Cambio 21
- Type: Online, weekly newspaper
- Format: Berliner
- Owner: Sociedad Periodística Cambio S.A.
- Publisher: Copesa
- Editor-in-chief: Juan Carvajal Trigo
- Founded: 2008; 18 years ago (website); 9 March 2011; 15 years ago (print);
- Political alignment: Christian Democratic Party
- Language: Spanish
- Headquarters: Huérfanos 669, Office 603
- City: Santiago
- Country: Chile
- Website: www.cambio21.cl

= Cambio 21 =

Cambio 21 (Change 21) is a Chilean periodical, created as an online newspaper in 2008, and published as a printed weekly since 9 March 2011.

==Print edition==
After almost three years of exclusively appearing on the Internet, on 9 March 2011, the printed version of Cambio 21 appeared, published weekly. The launch of the written edition took place at the Torres Confectionery.

The weekly Cambio 21 is printed and distributed by Copesa.
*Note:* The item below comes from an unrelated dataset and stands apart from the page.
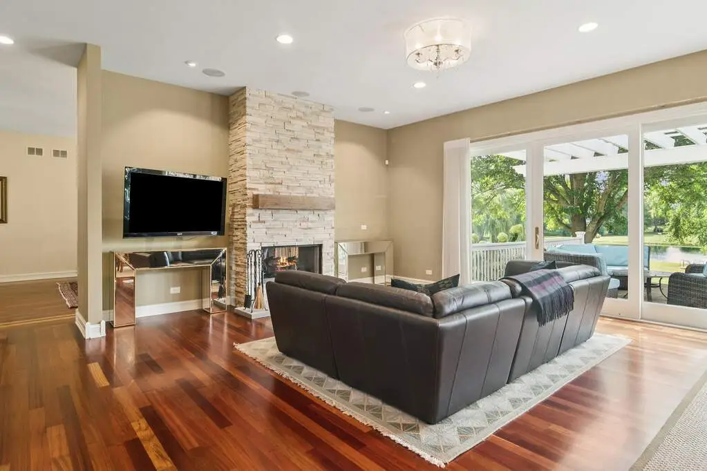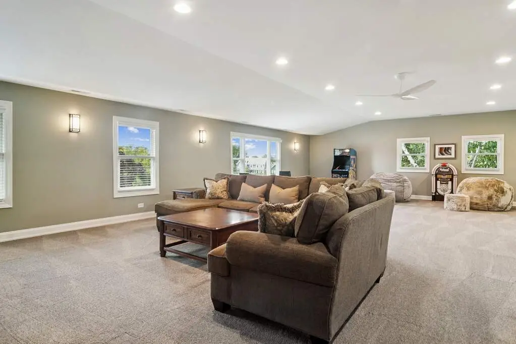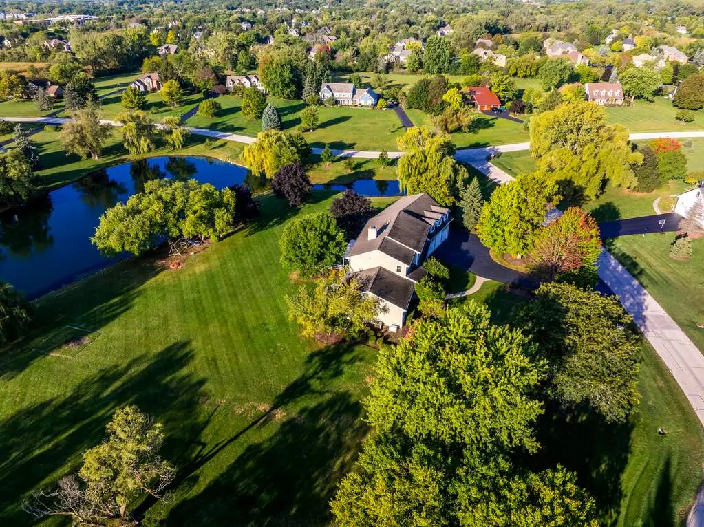 Set on nearly 3 acres in the prestigious Lochanora community, this Hawthorn Woods estate offers timeless elegance, modern convenience, and award-winning Lake Zurich schools. The main level showcases soaring 10-foot ceilings, sun-filled living spaces, oversized decks with sliders and a dramatic dining room that flows seamlessly into the living area and chef's kitchen. Designed for entertaining, the kitchen features a massive island, walk-in pantry, Sub-Zero and Thermador appliances, dual sinks, and a beverage refrigerator. A first-floor guest suite with sitting room provides a private retreat for multigenerational living & guests, while the second level has 4 additional bedrooms and a versatile oversized bonus room perfect for movie nights, a playroom, or a home studio. Thoughtfully remodeled and upgraded in 2013, the home also offers 1st and 2nd floor laundry rooms, a whole-house generator, and a boiler heated garage with polyaspartic floors, attached shed, and direct basement access. The English-style lower-level spans 2,600 square feet of bright, flexible space ready to be finished to your needs. 5 bedrooms, 4.5 baths, and tranquil private pond views, this property delivers unmatched privacy, function, and sophistication-just minutes from shopping, dining, schools and commuter routes.

Its editorial director is Juan Carvajal, former director of the Secretariat of Communications of La Moneda during the government of Michelle Bachelet, and the editorial committee is composed of Ximena Tricallota, Malucha Pinto, Laura Albornoz, Juan Pablo Hermosilla, Claudio Arriagada, Jorge Pizarro, Ricardo Solari, and Alfredo Ugarte.